Task item:
One range is to be output from the listing below, exactly as written: the line with "This imported bracelet" to the line with "호수에는 낚시하는 강태공도", both kept.

----- Data to use

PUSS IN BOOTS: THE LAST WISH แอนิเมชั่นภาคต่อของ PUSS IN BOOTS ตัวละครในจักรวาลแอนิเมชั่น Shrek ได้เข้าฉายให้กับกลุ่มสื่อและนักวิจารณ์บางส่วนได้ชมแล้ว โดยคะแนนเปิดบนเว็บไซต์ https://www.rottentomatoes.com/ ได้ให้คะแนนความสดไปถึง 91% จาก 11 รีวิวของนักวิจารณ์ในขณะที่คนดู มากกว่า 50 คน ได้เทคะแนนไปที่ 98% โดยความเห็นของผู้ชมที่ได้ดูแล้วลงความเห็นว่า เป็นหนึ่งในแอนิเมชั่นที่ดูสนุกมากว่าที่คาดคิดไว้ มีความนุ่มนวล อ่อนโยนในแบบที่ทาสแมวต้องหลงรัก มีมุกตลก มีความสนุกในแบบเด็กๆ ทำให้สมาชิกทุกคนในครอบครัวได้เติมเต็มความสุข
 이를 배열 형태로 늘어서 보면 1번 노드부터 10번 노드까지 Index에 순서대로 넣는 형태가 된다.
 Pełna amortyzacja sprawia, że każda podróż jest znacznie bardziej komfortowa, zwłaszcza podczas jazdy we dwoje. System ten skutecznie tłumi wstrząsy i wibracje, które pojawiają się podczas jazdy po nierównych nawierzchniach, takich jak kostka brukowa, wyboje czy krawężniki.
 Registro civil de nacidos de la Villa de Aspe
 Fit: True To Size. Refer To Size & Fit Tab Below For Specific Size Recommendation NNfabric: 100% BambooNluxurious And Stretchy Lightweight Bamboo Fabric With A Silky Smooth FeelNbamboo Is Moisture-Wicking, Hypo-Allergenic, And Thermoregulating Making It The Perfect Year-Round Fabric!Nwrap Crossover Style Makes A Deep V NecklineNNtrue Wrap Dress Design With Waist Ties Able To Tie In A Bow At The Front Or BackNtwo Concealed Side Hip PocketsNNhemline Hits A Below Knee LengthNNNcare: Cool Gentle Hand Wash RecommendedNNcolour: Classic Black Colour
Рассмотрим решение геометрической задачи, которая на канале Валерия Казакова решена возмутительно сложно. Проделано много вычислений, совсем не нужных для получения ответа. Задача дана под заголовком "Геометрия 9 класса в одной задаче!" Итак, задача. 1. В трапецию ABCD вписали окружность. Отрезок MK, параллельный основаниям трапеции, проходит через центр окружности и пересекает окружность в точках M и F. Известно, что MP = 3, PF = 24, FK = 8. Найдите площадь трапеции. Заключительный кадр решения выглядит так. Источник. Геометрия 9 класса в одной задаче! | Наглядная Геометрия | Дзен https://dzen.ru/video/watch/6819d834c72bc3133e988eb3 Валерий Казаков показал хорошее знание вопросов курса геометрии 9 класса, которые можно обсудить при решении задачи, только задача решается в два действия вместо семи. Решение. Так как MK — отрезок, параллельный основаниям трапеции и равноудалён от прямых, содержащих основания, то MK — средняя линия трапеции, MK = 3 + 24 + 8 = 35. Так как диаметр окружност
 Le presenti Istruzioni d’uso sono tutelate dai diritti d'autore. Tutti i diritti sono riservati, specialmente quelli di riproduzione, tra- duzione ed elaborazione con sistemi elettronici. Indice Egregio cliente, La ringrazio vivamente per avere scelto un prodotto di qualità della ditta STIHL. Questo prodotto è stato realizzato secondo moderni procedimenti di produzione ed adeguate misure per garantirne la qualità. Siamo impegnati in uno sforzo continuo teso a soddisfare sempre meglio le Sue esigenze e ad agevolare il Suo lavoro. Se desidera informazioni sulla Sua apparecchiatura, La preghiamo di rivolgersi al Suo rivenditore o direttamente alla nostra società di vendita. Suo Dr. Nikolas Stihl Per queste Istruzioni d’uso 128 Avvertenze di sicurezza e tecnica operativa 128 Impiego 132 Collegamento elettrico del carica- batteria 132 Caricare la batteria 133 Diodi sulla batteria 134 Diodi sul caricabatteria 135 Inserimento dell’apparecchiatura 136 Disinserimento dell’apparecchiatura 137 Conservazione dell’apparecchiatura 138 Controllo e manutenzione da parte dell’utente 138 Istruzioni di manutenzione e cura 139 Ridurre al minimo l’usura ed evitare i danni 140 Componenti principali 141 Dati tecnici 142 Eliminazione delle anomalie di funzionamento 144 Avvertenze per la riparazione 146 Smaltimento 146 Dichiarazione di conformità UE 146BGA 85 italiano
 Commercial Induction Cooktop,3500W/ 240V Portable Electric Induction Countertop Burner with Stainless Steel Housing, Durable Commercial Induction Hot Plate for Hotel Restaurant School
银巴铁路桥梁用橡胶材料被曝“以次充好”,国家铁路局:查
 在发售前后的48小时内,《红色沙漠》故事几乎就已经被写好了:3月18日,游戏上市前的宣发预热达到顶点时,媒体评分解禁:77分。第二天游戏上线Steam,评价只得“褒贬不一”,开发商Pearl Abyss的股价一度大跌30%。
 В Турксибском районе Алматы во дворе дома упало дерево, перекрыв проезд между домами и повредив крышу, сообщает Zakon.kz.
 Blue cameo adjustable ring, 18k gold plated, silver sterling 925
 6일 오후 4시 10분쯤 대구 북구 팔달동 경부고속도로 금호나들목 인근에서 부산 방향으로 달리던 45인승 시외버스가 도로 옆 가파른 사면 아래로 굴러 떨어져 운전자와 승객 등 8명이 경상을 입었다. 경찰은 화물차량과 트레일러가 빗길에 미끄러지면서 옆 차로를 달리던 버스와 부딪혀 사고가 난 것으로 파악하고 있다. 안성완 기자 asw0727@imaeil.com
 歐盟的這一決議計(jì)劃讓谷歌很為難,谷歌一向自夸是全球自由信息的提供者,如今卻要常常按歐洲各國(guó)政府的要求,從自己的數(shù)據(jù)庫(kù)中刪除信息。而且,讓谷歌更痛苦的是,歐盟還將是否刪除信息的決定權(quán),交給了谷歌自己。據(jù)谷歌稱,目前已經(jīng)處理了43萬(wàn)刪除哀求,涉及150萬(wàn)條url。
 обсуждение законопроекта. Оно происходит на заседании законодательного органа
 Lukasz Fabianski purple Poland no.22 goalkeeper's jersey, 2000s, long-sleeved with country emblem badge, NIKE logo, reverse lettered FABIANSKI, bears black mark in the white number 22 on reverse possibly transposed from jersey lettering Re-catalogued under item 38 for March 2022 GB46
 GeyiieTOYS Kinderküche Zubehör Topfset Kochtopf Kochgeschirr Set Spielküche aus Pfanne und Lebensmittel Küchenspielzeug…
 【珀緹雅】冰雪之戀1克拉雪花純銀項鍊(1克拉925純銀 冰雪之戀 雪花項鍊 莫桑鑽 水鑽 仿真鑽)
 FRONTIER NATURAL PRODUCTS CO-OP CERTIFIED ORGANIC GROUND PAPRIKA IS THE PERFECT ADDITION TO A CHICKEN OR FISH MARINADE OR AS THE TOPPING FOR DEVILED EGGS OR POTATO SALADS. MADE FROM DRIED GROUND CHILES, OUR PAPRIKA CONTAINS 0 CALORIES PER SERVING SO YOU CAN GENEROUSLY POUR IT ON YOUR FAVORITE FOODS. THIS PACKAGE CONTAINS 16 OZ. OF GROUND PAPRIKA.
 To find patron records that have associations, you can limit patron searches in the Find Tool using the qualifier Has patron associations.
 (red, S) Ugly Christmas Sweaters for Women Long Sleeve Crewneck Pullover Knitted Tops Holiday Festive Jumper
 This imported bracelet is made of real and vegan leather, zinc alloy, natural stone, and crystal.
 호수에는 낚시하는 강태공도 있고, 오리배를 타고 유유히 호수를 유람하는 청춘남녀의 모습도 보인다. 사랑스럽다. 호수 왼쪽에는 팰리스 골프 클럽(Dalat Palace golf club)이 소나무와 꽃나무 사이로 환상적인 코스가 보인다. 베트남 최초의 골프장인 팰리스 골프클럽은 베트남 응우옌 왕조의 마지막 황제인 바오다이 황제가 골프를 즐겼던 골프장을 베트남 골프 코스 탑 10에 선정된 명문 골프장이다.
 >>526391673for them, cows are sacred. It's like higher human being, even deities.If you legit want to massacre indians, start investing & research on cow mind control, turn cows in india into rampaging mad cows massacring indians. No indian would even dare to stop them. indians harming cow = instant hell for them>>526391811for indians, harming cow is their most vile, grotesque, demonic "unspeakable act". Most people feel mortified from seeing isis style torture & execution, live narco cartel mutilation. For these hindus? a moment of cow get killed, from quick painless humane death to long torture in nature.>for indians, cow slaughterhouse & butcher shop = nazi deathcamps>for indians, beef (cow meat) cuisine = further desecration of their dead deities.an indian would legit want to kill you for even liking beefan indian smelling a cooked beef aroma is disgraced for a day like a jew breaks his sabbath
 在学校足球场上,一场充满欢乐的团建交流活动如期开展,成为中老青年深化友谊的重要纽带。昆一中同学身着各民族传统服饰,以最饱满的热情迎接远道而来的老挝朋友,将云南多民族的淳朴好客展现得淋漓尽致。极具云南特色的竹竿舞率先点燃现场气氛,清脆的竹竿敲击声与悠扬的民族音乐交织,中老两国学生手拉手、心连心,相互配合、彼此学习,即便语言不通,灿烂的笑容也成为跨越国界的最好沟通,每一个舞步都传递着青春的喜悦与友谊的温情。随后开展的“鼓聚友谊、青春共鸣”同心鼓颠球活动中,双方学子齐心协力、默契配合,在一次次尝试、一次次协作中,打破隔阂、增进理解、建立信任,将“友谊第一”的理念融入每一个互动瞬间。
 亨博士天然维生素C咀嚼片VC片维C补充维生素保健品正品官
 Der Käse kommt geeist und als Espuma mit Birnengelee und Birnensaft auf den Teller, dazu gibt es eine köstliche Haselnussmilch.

----------

Result of this task:
 This imported bracelet is made of real and vegan leather, zinc alloy, natural stone, and crystal.
 호수에는 낚시하는 강태공도 있고, 오리배를 타고 유유히 호수를 유람하는 청춘남녀의 모습도 보인다. 사랑스럽다. 호수 왼쪽에는 팰리스 골프 클럽(Dalat Palace golf club)이 소나무와 꽃나무 사이로 환상적인 코스가 보인다. 베트남 최초의 골프장인 팰리스 골프클럽은 베트남 응우옌 왕조의 마지막 황제인 바오다이 황제가 골프를 즐겼던 골프장을 베트남 골프 코스 탑 10에 선정된 명문 골프장이다.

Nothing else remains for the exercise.